Serve ORex Kernels - Githubissues

jlaura commented 4 years ago

Description
Both #4054 and #4058 show a community desire to be able to use ISIS to work with ORex data. Currently, these kernels are not available within the ISIS ecosystem. This enhancement request asks that the kernels be made available.

I see that ORex kernels are available via NAIF here. I do not know if these are the kernels we would want in a format that is immediately usable (so I do not have a handle on the scope of effort required to make this happen).

Example
Spiceinit works without throwing an error.

jessemapel commented 3 years ago

OCams data can be found at the small bodies node: https://sbn.psi.edu/pds/resource/orex/ocams.html we will likely need to check that we support the latest release of data in the ingestion and sensor model.

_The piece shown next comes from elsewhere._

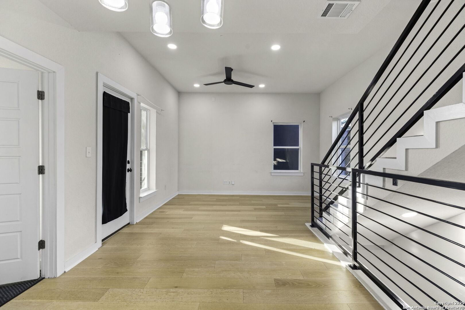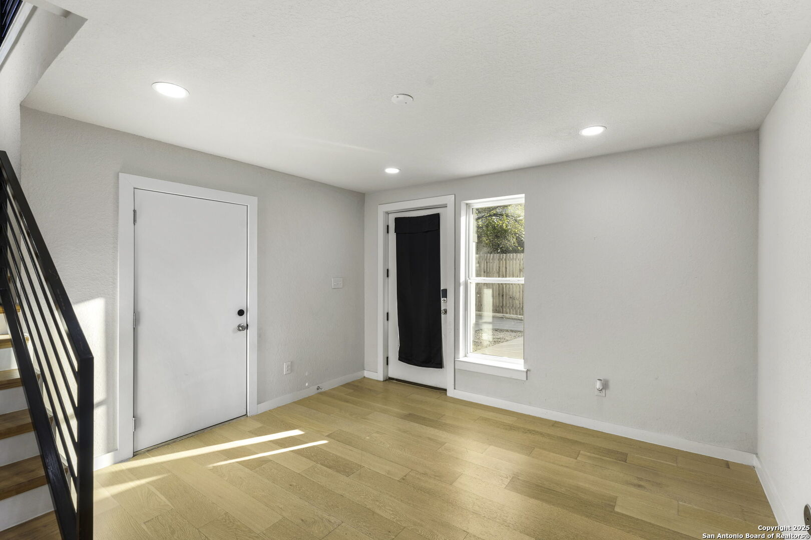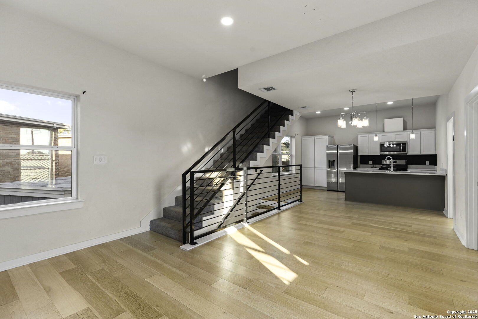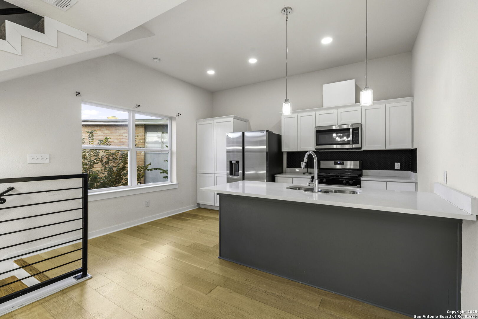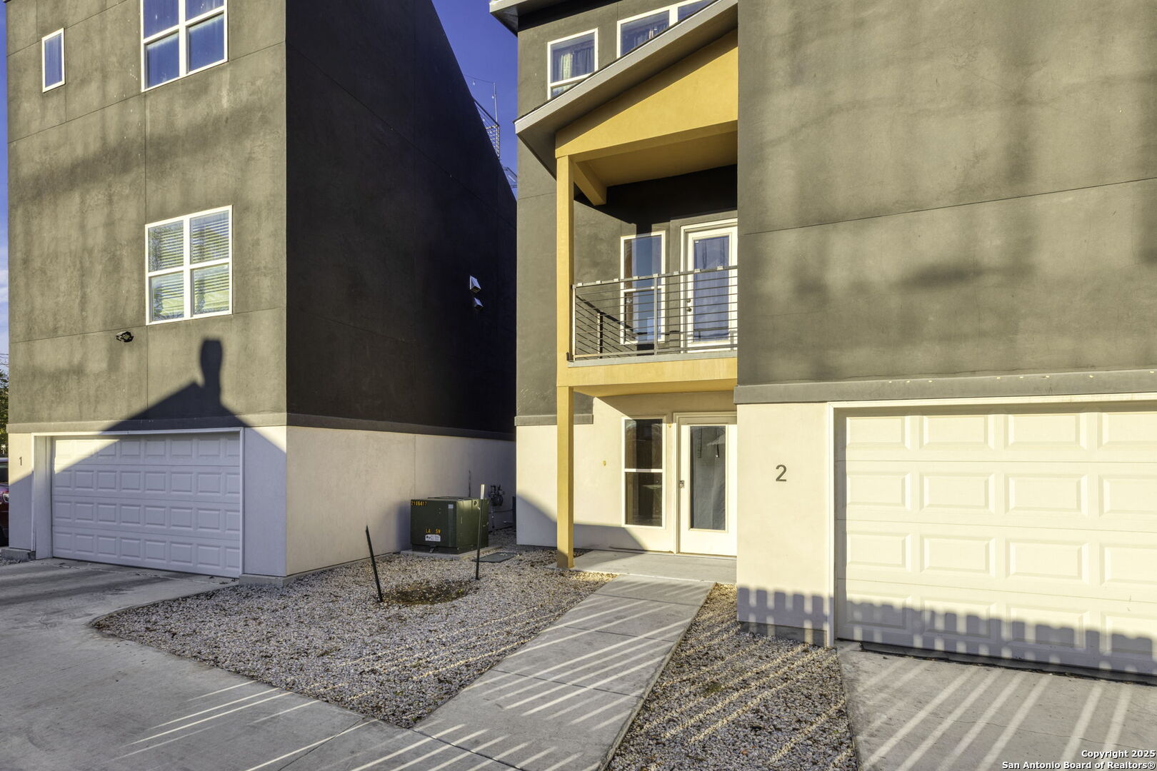 Live at the center of it all in this jaw-dropping urban luxury home-complete with your own Private ROOFTOP terrace boasting 360 skyline views of Downtown San Antonio. Modern, sleek, and unforgettable, this 3 bed / 3 bath multi-level stunner is the ultimate city retreat. Step inside to a gourmet island kitchen adorned with sleek granite countertops, custom cabinetry, modern stainless steel appliances, and high-end gas cooking-a chef's dream. Enjoy rich wood flooring, soaring 10-foot ceilings, expansive custom windows, and 2 balconies that fill the home with natural light. Thoughtfully designed with energy-efficient construction, this home also includes a spacious attached 2-car garage and premium contemporary finishes throughout; washer and dryer will convey. Located just south of San Antonio College in the highly coveted Historic Tobin Hill District, you'll live within one mile of The Pearl, the San Antonio River Walk, Tobin Center for the Performing Arts, San Pedro Springs Park, The Alamo, and a curated mix of upscale dining, shopping, and culture. Urban sophistication, unbeatable walkability, and iconic skyline views-this is the heart of San Antonio at your door!

jessemapel commented 3 years ago

After more discussion, the latest kernels need to be checked with the latest image data. There is likely some amount of issues with the IAK and the camera model that will need to be addressed.

For whomever works on this, I have some makedb scripts and kerneldbs from the mission team that should be useful.

jessemapel commented 3 years ago

osirisrex.tar.gz

The attached tarball has the osirisrex data area configuration from @KrisBecker in it. You'll want to use the kernel.db and makedb files located inside the kernels directories alongside the downloaded kernels. The scripts in there are for more complex kernel management that you can take a look at too.

Kelvinrr commented 3 years ago

@jessemapel Kernels are in using @KrisBecker's makedb scripts and kernel.db files. Where would be the best place to get the new images? I'm sure I asked this before and forgot to write it down...

jessemapel commented 3 years ago

@Kelvinrr You can get data from the Small Bodies Node: https://sbn.psi.edu/pds/resource/orex/ocams.html

Kelvinrr commented 3 years ago

@jessemapel Thats what I figured, thanks.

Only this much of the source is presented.